Solve : |x-4|>a if case1:a>0 and case2:a<0
I am getting answers which look similar in both cases. please i wish to know why it is so and how different both answers are when plotted on a number line
If $a \lt 0$, all $x$ will satisfy it as all absolute values are $ \ge 0$. If $a \gt 0$ you need the points more than $a$ from $4$.
The work in your comment was a good start. Another thing to notice is that if $a>0$, then $4-a<4+a$, so your solution consists of two disjoint "rays" corresponding to the inequalities you wrote. However, when $a<0$, then $4+a<4-a$, and in particular each $x$ such that $x\geq 4-a$ satisfies $x>4+a$. That is one way to see that your method leads to the same answer mentioned in Ross's answer.
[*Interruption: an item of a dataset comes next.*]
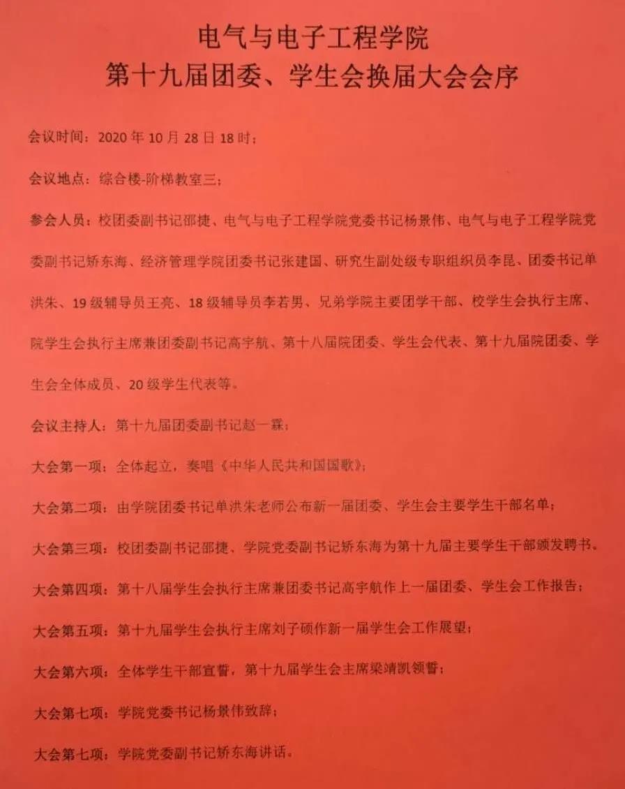 校团委副书记邵捷、电气与电子工程公司党委书记杨景伟、党委副书记矫东海、经济管理公司团委书记张建国、tyc122ccVIP团委书记单洪朱、研究生辅导员李昆、18级辅导员李若男、19级辅导员王亮、校员工会执行主席、院员工会执行主席兼团委副书记高宇航、第十八届院团委、员工会代表、第十九届院团委、员工会全体成员、20级员工代表等。

But Ross's method of observing that $|x-4|\geq 0>a$ for all $x$ if $a<0$ is a little easier.
To make things a little more concrete, consider what happens when $a=5$: Your method says that $x>9$ or $x<-1$, which is correct. Now when $a=-5$, your method says that $x>-1$ or $x<9$, which is true for all real numbers.
Consider multiple cases
Case 1: $a = 0$
Then, any number other than $4$ will satisfy your inequality.
Case 2: $a < 0$
Then, any $x$ will satisfy your inequality since absolute values are $\ge 0$
Case 3: $a > 0$
Then $|x - 4| > a$ if and only if $x$ is farther than $a$ units from $4$. Hence, $x - 4 > a$ or $x - 4 < -a$. So the set of all real numbers that satisfy your inequality is $$(-\infty, 4 - a) \cup (4+a, \infty)$$